The input ▸
····················

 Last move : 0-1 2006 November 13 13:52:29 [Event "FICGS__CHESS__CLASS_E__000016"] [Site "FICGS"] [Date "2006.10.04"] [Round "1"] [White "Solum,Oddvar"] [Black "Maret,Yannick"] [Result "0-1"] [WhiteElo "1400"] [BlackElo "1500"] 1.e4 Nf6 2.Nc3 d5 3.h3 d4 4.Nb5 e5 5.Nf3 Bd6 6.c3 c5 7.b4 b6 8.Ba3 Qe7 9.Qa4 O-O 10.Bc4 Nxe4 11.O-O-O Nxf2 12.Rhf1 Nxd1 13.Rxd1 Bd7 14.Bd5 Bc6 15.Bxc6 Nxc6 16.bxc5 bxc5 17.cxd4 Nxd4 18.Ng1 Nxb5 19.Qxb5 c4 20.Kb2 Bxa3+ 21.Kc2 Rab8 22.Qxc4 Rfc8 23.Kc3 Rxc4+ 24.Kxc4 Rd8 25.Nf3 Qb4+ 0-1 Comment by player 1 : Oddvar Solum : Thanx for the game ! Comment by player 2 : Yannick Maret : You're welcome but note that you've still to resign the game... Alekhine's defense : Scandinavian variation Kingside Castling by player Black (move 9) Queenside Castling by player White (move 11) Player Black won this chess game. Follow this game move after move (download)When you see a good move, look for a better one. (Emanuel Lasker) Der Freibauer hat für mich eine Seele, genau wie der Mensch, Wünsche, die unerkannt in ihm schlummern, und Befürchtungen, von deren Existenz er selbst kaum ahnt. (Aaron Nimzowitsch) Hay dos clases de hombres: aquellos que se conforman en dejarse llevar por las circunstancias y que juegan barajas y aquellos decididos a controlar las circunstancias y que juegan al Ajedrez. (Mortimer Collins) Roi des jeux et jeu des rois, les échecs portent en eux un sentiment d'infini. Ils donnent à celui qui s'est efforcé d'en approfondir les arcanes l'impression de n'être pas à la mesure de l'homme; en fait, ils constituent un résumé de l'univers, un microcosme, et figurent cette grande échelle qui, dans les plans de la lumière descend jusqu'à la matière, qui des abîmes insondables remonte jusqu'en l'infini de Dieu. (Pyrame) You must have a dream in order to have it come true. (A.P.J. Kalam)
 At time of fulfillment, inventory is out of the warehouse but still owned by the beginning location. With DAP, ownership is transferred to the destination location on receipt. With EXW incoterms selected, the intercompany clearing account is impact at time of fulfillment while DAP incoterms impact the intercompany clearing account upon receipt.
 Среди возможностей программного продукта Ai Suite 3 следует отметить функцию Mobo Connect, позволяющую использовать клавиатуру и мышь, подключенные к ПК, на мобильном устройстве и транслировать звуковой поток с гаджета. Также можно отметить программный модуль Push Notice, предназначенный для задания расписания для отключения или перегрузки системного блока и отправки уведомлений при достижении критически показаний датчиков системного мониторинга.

····················

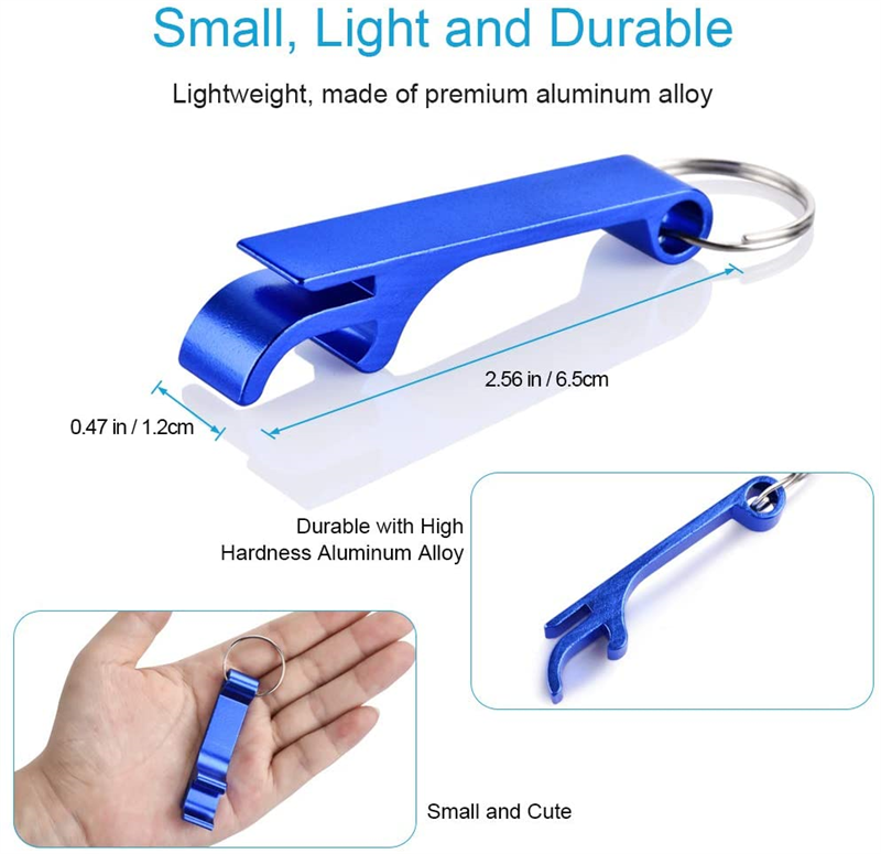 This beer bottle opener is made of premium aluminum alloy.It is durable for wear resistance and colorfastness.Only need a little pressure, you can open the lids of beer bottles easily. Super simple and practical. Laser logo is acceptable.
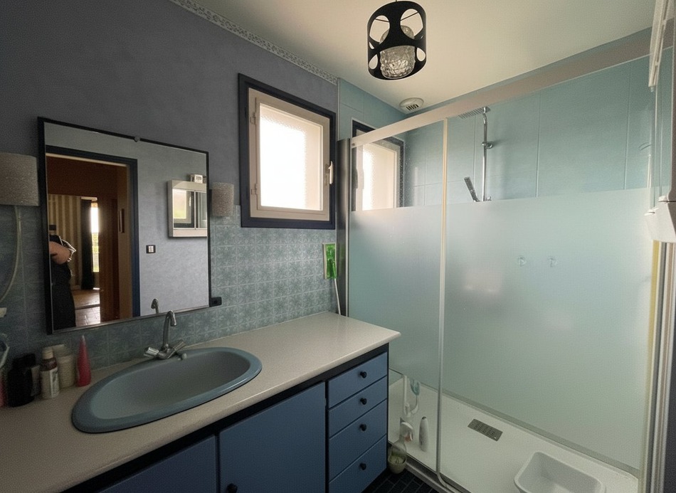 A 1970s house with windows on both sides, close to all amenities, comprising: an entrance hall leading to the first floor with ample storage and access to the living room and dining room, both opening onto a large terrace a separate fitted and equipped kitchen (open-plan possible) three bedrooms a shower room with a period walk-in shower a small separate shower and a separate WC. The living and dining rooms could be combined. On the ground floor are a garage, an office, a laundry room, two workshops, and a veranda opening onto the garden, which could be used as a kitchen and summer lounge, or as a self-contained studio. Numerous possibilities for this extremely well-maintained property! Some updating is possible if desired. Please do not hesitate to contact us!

····················

How to complete this task ▸ Print from the line containing "This beer bottle" through the line containing "A 1970s house" in the data above, exactly as the lines stand, and omit every picture.

Solved exercise ▸
 This beer bottle opener is made of premium aluminum alloy.It is durable for wear resistance and colorfastness.Only need a little pressure, you can open the lids of beer bottles easily. Super simple and practical. Laser logo is acceptable.
 A 1970s house with windows on both sides, close to all amenities, comprising: an entrance hall leading to the first floor with ample storage and access to the living room and dining room, both opening onto a large terrace a separate fitted and equipped kitchen (open-plan possible) three bedrooms a shower room with a period walk-in shower a small separate shower and a separate WC. The living and dining rooms could be combined. On the ground floor are a garage, an office, a laundry room, two workshops, and a veranda opening onto the garden, which could be used as a kitchen and summer lounge, or as a self-contained studio. Numerous possibilities for this extremely well-maintained property! Some updating is possible if desired. Please do not hesitate to contact us!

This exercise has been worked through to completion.